Mr. Webb: To ask the Secretary of State for Work and Pensions if he will set out his strategy for identifying those who have failed to claim their entitlement for Winter Fuel Payments in the winters of (a) 1997-98, (b) 1998-99 and (c) 1999-2000; and if he will set out the reasons for which a deadline was applied to claims for winter 2000-01. 

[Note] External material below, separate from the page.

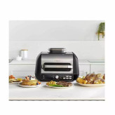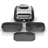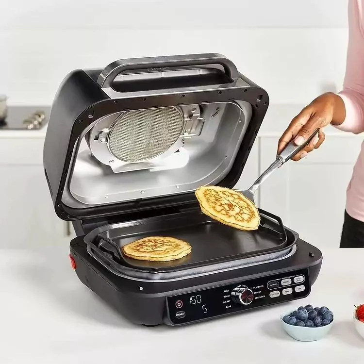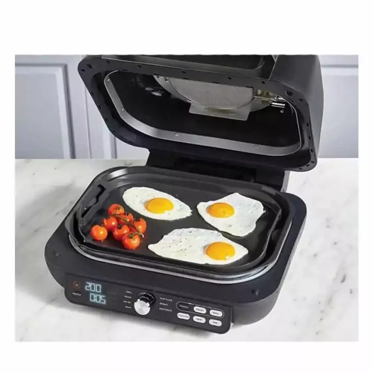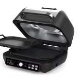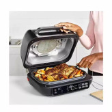 گریل و سرخ کن 651 نینجا یکی از حرفه ای ترین تولیدات برند نینجا بوده که به صورت دو کاره ساخته شده است. این دستگاه کاملاً حرفه ای بوده و مناسب انواع پخت و پز روزمره است که می تواند سرعت عمل شما را در آشپزی کردن چند برابر کرده و شما را در آماده سازی غذایی با کیفیت و سالم یاری کند. این محصول دارای قابلیت های ویژه و منحصر به فردی می باشد که می خواهیم در ادامه به بررسی آن ها بپردازیم. گریل و سرخ کن مدل AG651 نسل جدیدی از محصولات شرکت نینجا بوده که توانسته است تحولی بی نظیر در آشپزی رومزه به وجود بیاورد. این دستگاه با برخورداری از قدرت 2460 وات به راحتی می تواند انواع غذا های کبابی، ساندویچی و … را با بالا ترین کیفیت و تنوع در مدت زمان پایینی آماده کند. این محصول دارای یک سبد سرخ کن بوده که 3.8 لیتر گنجایش دارد و صفحه گریل آن نیز به راحتی می تواند 6 عدد برگر را برای شما آماده کند. سرخ کن و گریل نینجا کاملاً مناسب یک خانواده 4 الی 5 نفره بوده و می توانید با استفاده از آن بهترین غذا ها را برای خودتان و میهمانانتان آماده کنید. 7 برنامه پخت و پز این محصول دارای 7 برنامه از پیش تعیین شده و خودکار آشپزی می باشد. که شامل؛ سرخ کردن، گریل، پخت انواع پنکیک و پیتزا، کباب کردن، پختن، گرم کردن مجدد و خشک کردن انواع میوه و سبزی است. شما با کمک این برنامه های پخت می توانید انواع وعده های غذایی مختلفی را در کم ترین زمان ممکن آماده کنید. البته ناگفته نماند که به دلیل وجود سیستم گردش هوای داغ، سرخ کردن مواد غذایی در این محصول نسبت به روش های دیگر با کاهش 75 درصدی مصرف روغن انجام خواهد شد. و شما غذا هایی سالم را میل خواهید کرد. سیستم گرمایشی سیستم گرمایشی این سرخ کن از فناوری گردش هوا استفاده می کند، که این سیستم می تواند حرارت 260 درجه سانتی گراد را در فضای مخزن پخت به گردش در آورد و از این طریق مواد غذایی شما بدون نیاز به چرخش یا هم زدن یه سرعت و به طور یکنواخت پخته می شوند. همچنین این محصول دارای محفظه قابل جابجایی و قابل شستشو بوده که در زیر درب دستگاه تعبیه شده است و موجب حفظ نظافت المنت گرمایشی می شود و از پیچیدن بوی غذا در فضای خانه جلوگیری می کند. طراحی شیک و زیبای گریل و سرخ کن AG651 اصلی ترین ویژگی سرخ کن و گریل نینجا طراحی بسیار شیک آن می باشد، بدنه این محصول از جنس استیل و پلاستیک بوده که به صورت عایق سرد طراحی شده است تا در حین کار از خطرات احتمالی جلوگیری کند. این محصول دارای طراحی جذاب و جمع و جوری نیز می باشد که با رنگ مشکی و نقره ای خود می تواند جلوه ای لوکس و جذاب به آشپزخانه شما ببخشد. لوازم و قطعات جانبی این گریل به راحتی جدا می شوند و شما می توانید آن ها را در ماشین ظرفشویی قرار دهید. همچنین درب این دستگاه به صورت بازشو از بالا طرحی شده است که یک ویژگی منحصر به فرد است.

Mr. McCartney: An information campaign, beginning in April 2000, aimed to ensure that existing and potential customers were aware of the changes to the scheme and what, if any, action was required. It has included: advertisements in national and local press; a leaflet and poster, made available in a variety of venues, including local social security offices, post offices, supermarkets and doctors' surgeries; a dedicated Winter Fuel Payment Helpline; and information on the internet. A mailshot was also undertaken, beginning in early May 2000, to people we could identify as being newly eligible, with an invitation to make a claim.
The deadline imposed for winter 2000 payments allowed a period for claiming of almost a year from when the information campaign began, it is not unreasonable to assume that those who want to claim have claimed.
Mr. Webb: To ask the Secretary of State for Work and Pensions if he will estimate the value of unclaimed Winter Fuel Payments for the winter of 2000-01 and the number of entitled recipients who failed to claim their entitlement by the 31 March deadline. 
Mr. McCartney: We received and paid around 1.3 million Winter Fuel Payment claims for last winter. We estimated that up to 1.5 million people could have been eligible who would need to claim. Because this figure is an estimate, it is not possible to provide a reliable figure of either the value of unclaimed payments, or of those who did not claim.